We want the look of the variety which comes from complexity, but will not abandon the simplifying conveniences of large-scale agriculture, mass production, mass entertainment, and the cheapest house and office space we can buy. Such are the determinants of the new English landscape. No English painter I know of is making it his subject. Hockney’s bigger splash was in California – which is to us what the Orient was to the contemporaries of Holman Hunt and Edward Lear: a place we discover through art. English poets have done better, Philip Larkin in particular. But then England, of all countries, is seen through literature rather than painting. There is the Constable country – but set against that the Brontë country, Hardy’s Wessex and Dickens’s London. Bill Brandt, in a series of features printed in Lilliput, Picture Post and Harpers Bazaar in the mid-Forties, set the words of British literary-landscape-makers against photographs of the houses in which they lived, or the places they wrote of. They were put in a book in 1951, which has been reissued in a slightly expanded form to accompany an exhibition of the prints at the V&A. Brandt’s is a solemn country of heavy shadows and simple forms.

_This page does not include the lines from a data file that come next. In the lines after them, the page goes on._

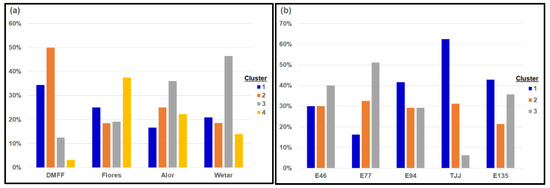 Whilst the 12 clusters indicated by the initial analysis showed no discernible associations with geographic origins, the subsequently indicated 4 clusters aligned somewhat weakly with geographic provenance origins (Figure 4a). Individuals originating from earlier trials in China (i.e., DMFF I and DMFF II) were predominantly allocated to cluster 2, individuals from Flores Island were predominantly allocated to cluster 4 and those from Alor and Wetar were predominantly allocated to cluster 3. The members of cluster 1 were mixed, with only 34% or less of individuals originating from any particular island/seed source being allocated to this cluster. However, it must be noted that some individuals might have been assigned to the wrong cluster, as Fst needs to be over 0.05 to achieve an assignment accuracy of 95% or more [37]; in the present study, the average of Fst across all relevant pair wise provenance comparisons was 0.044.
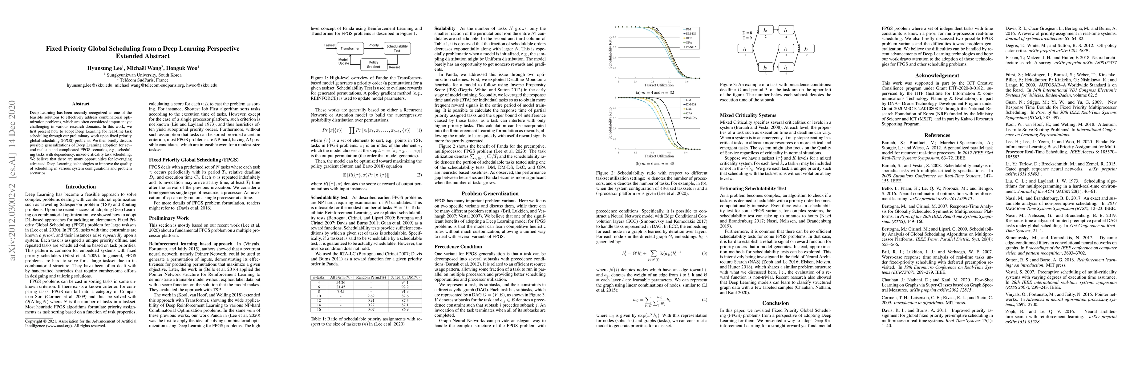 Deep Learning has been recently recognized as one of the feasible solutions to effectively address combinatorial optimization problems, which are often considered important yet challenging in various research domains. In this work, we first present how to adopt Deep Learning for real-time task scheduling through our preliminary work upon fixed priority global scheduling (FPGS) problems. We then briefly discuss possible generalizations of Deep Learning adoption for several realistic and complicated FPGS scenarios, e.g., scheduling tasks with dependency, mixed-criticality task scheduling. We believe that there are many opportunities for leveraging advanced Deep Learning technologies to improve the quality of scheduling in various system configurations and problem scenarios.
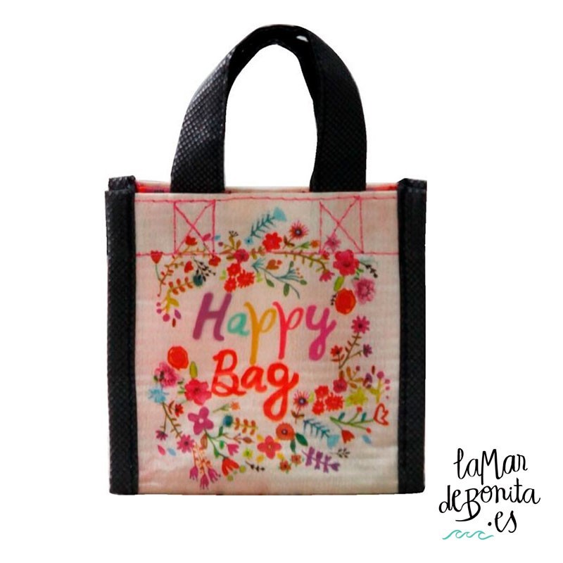 Fondo beige con estampado floral en diferentes tonos con texto en contraste “HAPPY BAG” (bolsa feliz).
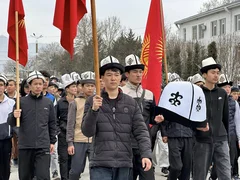 Президенттин Баткен облусундагы өкүлчүлүгүнөн билдиришкендей, ак калпак кийип, колдоруна туу көтөргөн жаштар шаардын борбордук көчөлөрүндө жөө жүрүш жасашты.
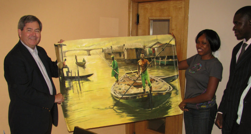 Last night, my class presented me with a hand painted canvas titled “Every Day Life” that depicts fishing and travel on the water near Lagos Bridge. The city of Lagos is on an island and is somewhere around 7 million people, , , to say the streets are quite busy is an understatement.
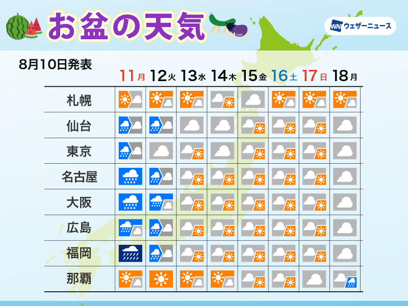 12日(火)頃まで大雨警戒 お盆の頃は天気回復し暑さ復活
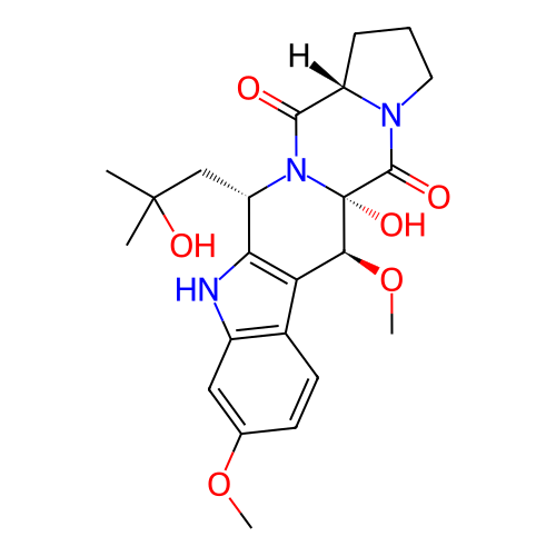 | InChI | InChI=1S/C23H29N3O6/c1-22(2,29)11-16-18-17(13-8-7-12(31-3)10-14(13)24-18)19(32-4)23(30)21(28)25-9-5-6-15(25)20(27)26(16)23/h7-8,10,15-16,19,24,29-30H,5-6,9,11H2,1-4H3/t15-,16-,19-,23-/m0/s1 |
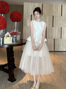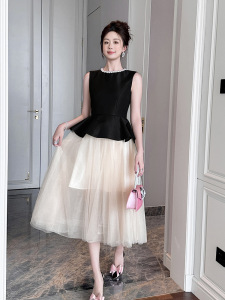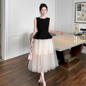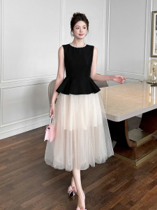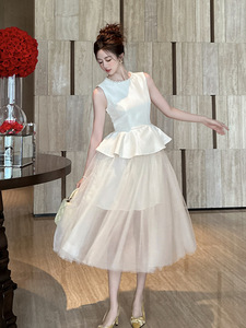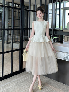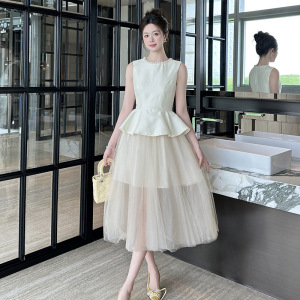 2025 新しい夏の女性のフレンチラウンドネックウエストカバー腹ステッチメッシュフェイクツーピースドレス 9012
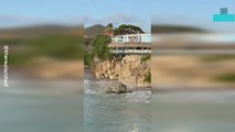 Couple Knocked Down by Huge Wave
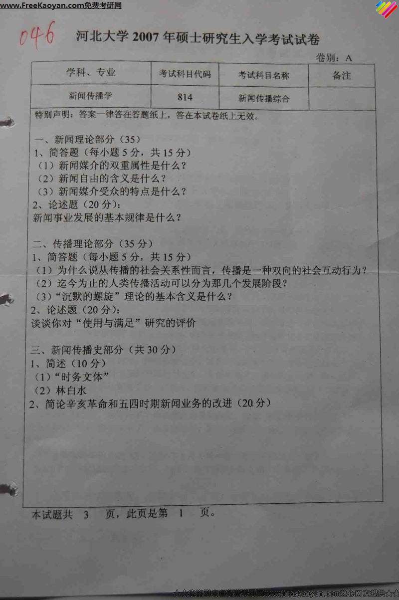 专业课考研经验 本站小编 FreeKaoyan 2018-01-23河北大学2007年考研真题-文史综合
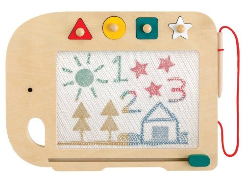 Designová dřevěná magnetická kreslící tabulka. Dítě může psát nebo kreslit s tužkou pevně připojenou na provázku a pomocí čtyř tvarovaných magnetických razítek vytvářet vzory a tvary. Má velkou kreslící plochu se čtyřmi živými barvami. Lišta pro mazání snímků umožňuje dětem vyčistit desku během několika sekund. Tabulka obsahuje 4 dřevěná razítka (trojúhelník, kruh, čtverec, hvězda), která jsou magnetizována, aby zůstala na svém místě. Robustní dřevěná konstrukce se zaoblenými hranami a měkkými rohy je bezpečná a lehce uchopitelná. Dřevěná magnetická kreslící tabulka splňuje všechny bezpečnostní normy. Tolerance několika nemazatelných bodů. Hlavní vlastnosti: Obsahuje 4 dřevěná magnetizovaná razítkaKreslící plocha se 4 barvamiTužka připojená provázkemLišta pro mazání snímků
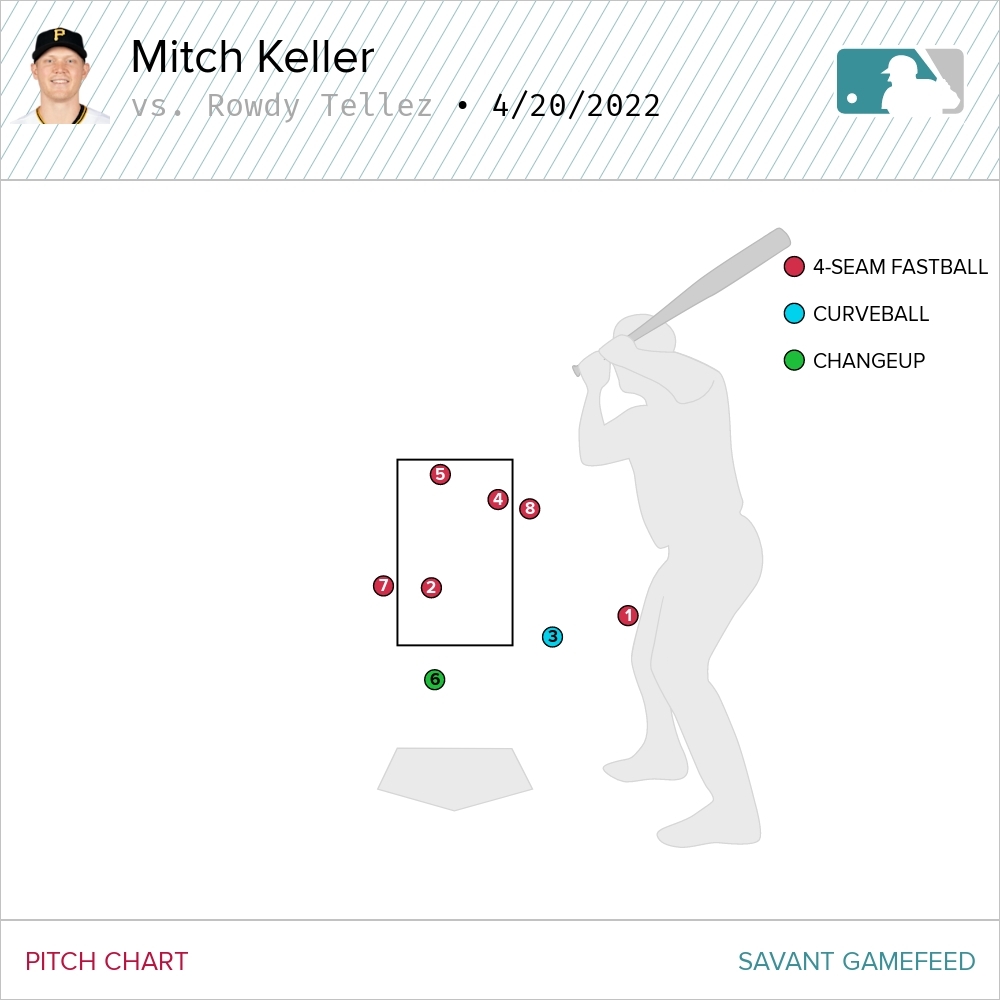 During his next at-bat against Tellez, Keller learned his lesson and threw three straight changeups in a four-pitch at-bat. Tellez grounded out.
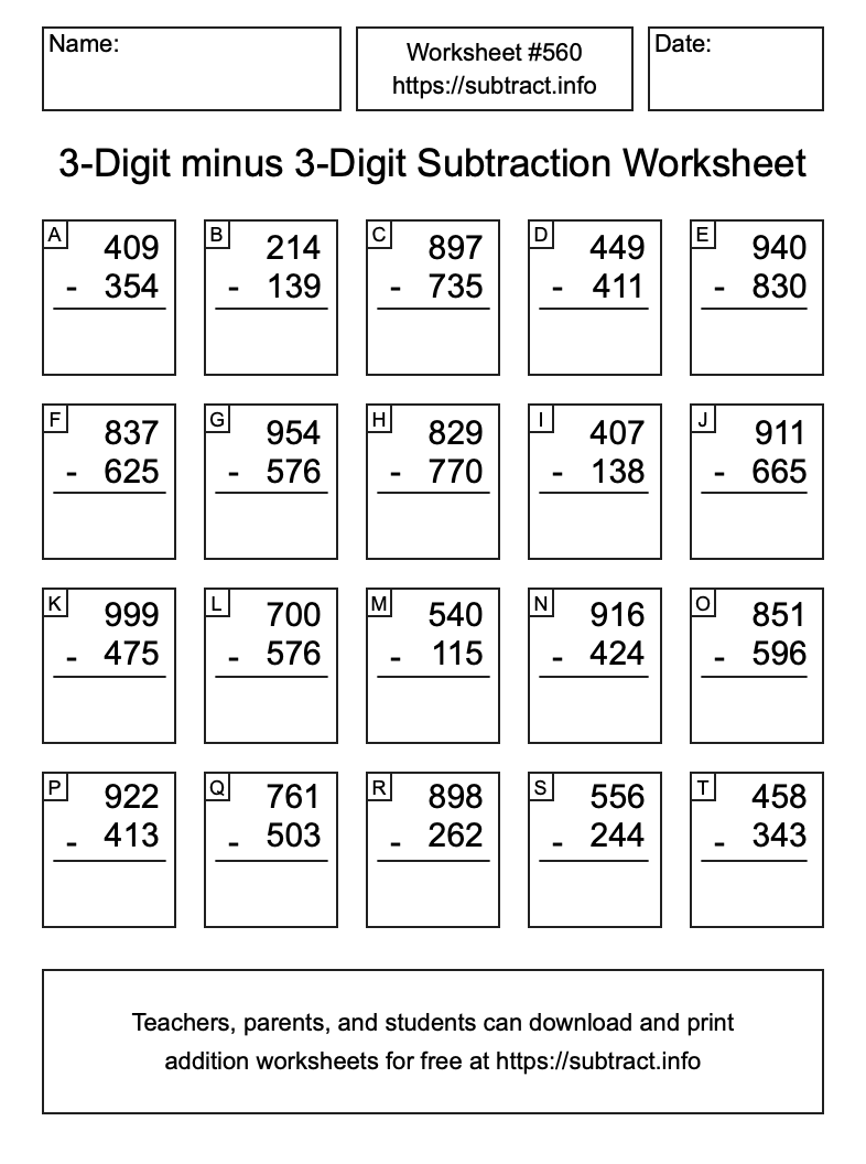 Here is the 3-Digit minus 3-Digit Subtraction Worksheet #560. Print and/or save the worksheet using the buttons below the image. You can also drag or right-click on the image to download it to your device.
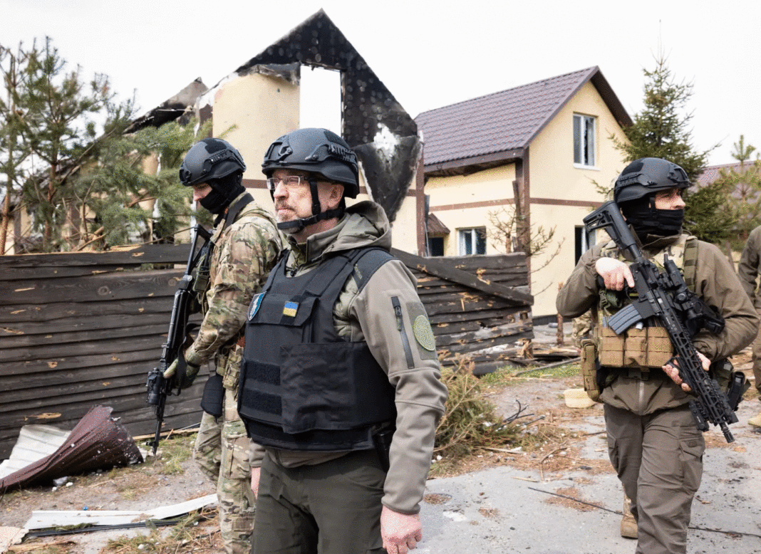 Ne qëndrojmë në fshatin Horenka ndërsa Ministri i Mbrojtjes i Ukrainës Oleksij Reznikov arrin dhe na takon.
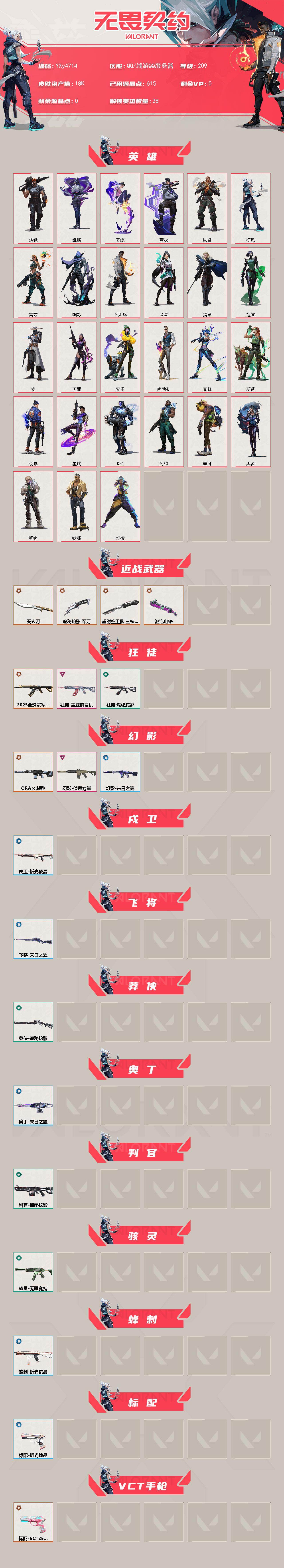 【1.8w库存三棱军刺.天玄刀.泡泡电锯.25冠军.盖亚.侦查.颗秒幻影】yxy4714【无二次】【因赛季更新游戏段付以上号为准!】 【英雄】:幻棱,炼狱,维斯,暮蝶,钛狐,壹决,铁臂,捷风,雷兹,幽影,不死鸟,贤者,猎枭,蝰蛇,零,芮娜,奇乐,尚勃勒,霓虹,斯凯,夜露,星礈,k/o,海神,盖可,黑梦,钢锁 【近战武器】:近战武器-泡泡电锯,近战武器-超时空卫队 三棱军刺,近战武器-天玄刀,近战武器-诡秘蛇影 军刀 【狂徒】:狂徒-2025全球冠军赛,狂徒-盖亚的复仇,狂徒-诡秘蛇影 【幻影】:幻影-a x 颗秒,幻影-侦察力量,幻影-末日之翼 【戍卫】:戍卫-折光棱晶 【飞将】:飞将-末日之翼 【莽侠】:莽侠-诡秘蛇影 【奥丁】:奥丁-末日之翼 【判官】:判官-诡秘蛇影 【骇灵】:骇灵-无限竞技 【蜂刺】:蜂刺-折光棱晶 【标配】:标配-折光棱晶 【vct手呛】:标配-vct25 x blg 【正义】:正义-离子武器 【鬼魅】:鬼魅-诡秘蛇影,鬼魅-星云暗涌 【短炮】:短炮-末日之翼 【卡面】:无畏契约:暮蝶 卡面,正义的化身 卡面,clutch 卡面,梦幻奶茶 卡面,西装暴徒 卡面,失控边缘 卡面,无畏契约:尚勃勒 卡面,零点嗅探设计图 卡面,无畏契约go!第一卷:芮娜 卡面,无畏契约go!第一卷:零 卡面,无垠星环 卡面,无畏契约go!第一卷:贤者 卡面,钢锁vs盖可 卡面,代号红色 卡面,新兵报到 卡面,v契约 卡面,无畏契约 卡面 【喷漆】:伤心心 喷漆,审判之爪 喷漆,分身有术 喷漆,致命优雅 喷漆,买装还是存钱 喷漆,关门放狗 喷漆,红鳞 喷漆,无畏契约go!第一卷:零 喷漆,无畏契约go!第一卷:贤者 喷漆,胜利属于无畏契约 喷漆,glhf 喷漆,无畏契约 喷漆 【挂饰】:无畏契约go!第一卷 芮娜 挂饰,无畏契约go!第一卷 零 挂饰,z世代特饮 挂饰,第九季//第一幕 纪念币 挂饰,有事联系 挂饰,第八季//第三幕 纪念币 挂饰,天外飞客 挂饰,《双城之战》魄罗 挂饰,海豹的认可 挂饰,无畏契约 纪念币 挂饰

He can make a place you seem never to have seen from one you know well. His beginnings as a documentary photographer – the pictures of high and low life in London and of the industrial North – were behind him by then: he was moving towards a surreal world of his own contrivance. The literary Britain of Larkin, or early Muriel Spark, or Angus Wilson, has still found no Grosz or Hopper. The landscapes of the new England will go on, it seems, attracting more words than pictures.